◆ Material provided
◇ ◇ ◇
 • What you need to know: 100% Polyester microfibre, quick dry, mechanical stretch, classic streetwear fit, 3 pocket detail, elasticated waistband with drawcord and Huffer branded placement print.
◇ ◇ ◇
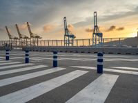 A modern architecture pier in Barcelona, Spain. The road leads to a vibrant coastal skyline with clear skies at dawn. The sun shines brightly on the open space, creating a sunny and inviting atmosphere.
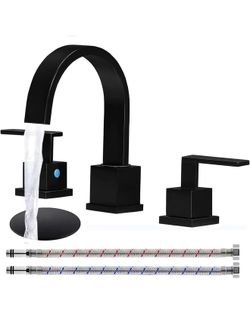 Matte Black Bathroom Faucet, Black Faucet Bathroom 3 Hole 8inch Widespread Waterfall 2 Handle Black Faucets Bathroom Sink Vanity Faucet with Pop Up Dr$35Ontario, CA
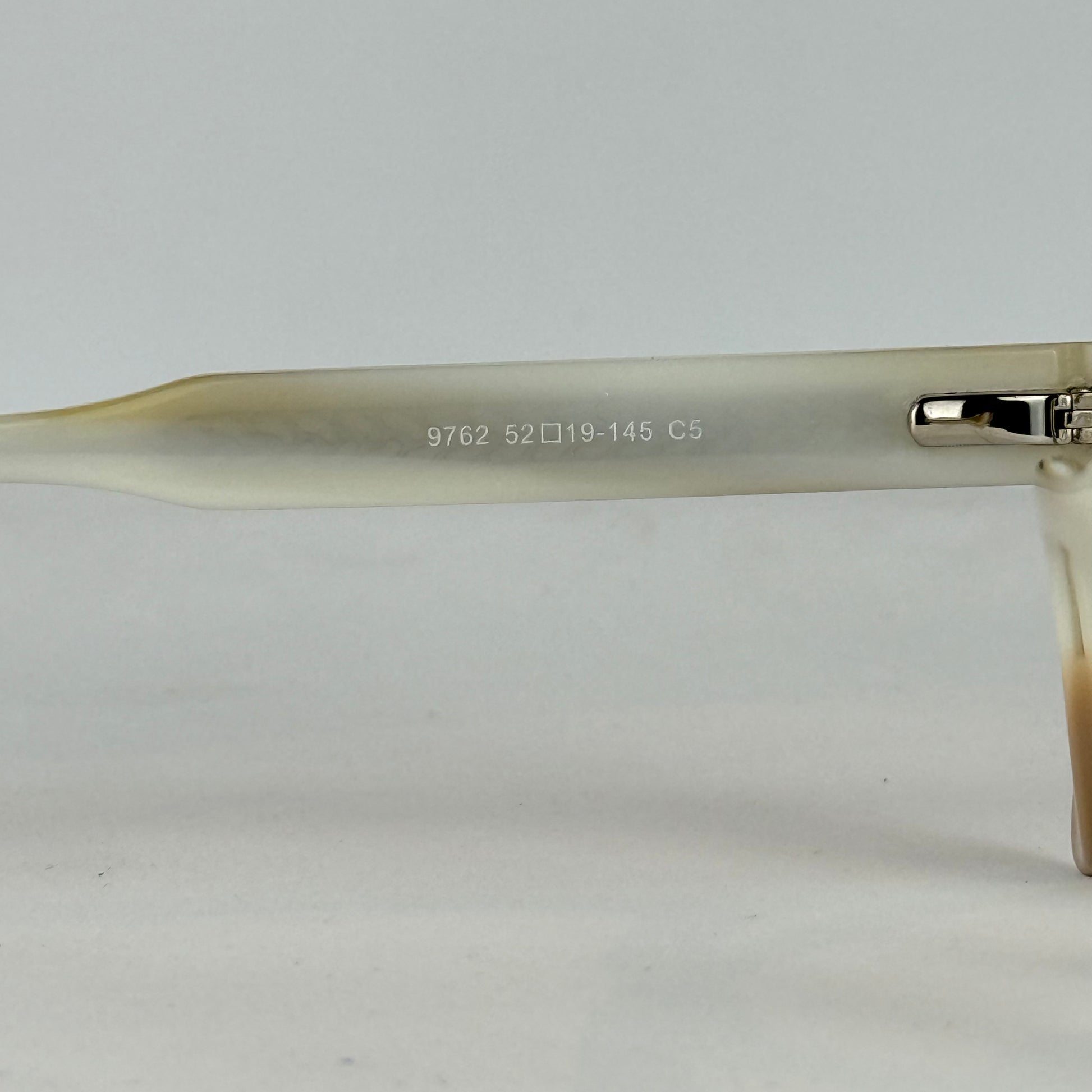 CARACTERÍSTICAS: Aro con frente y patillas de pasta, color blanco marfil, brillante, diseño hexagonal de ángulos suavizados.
◇ ◇ ◇
Print nothing but the lines above starting with the line that contains "A modern architecture" and going on through the line that contains "CARACTERÍSTICAS: Aro con". Leave out the pictures.

 A modern architecture pier in Barcelona, Spain. The road leads to a vibrant coastal skyline with clear skies at dawn. The sun shines brightly on the open space, creating a sunny and inviting atmosphere.
 Matte Black Bathroom Faucet, Black Faucet Bathroom 3 Hole 8inch Widespread Waterfall 2 Handle Black Faucets Bathroom Sink Vanity Faucet with Pop Up Dr$35Ontario, CA
 CARACTERÍSTICAS: Aro con frente y patillas de pasta, color blanco marfil, brillante, diseño hexagonal de ángulos suavizados.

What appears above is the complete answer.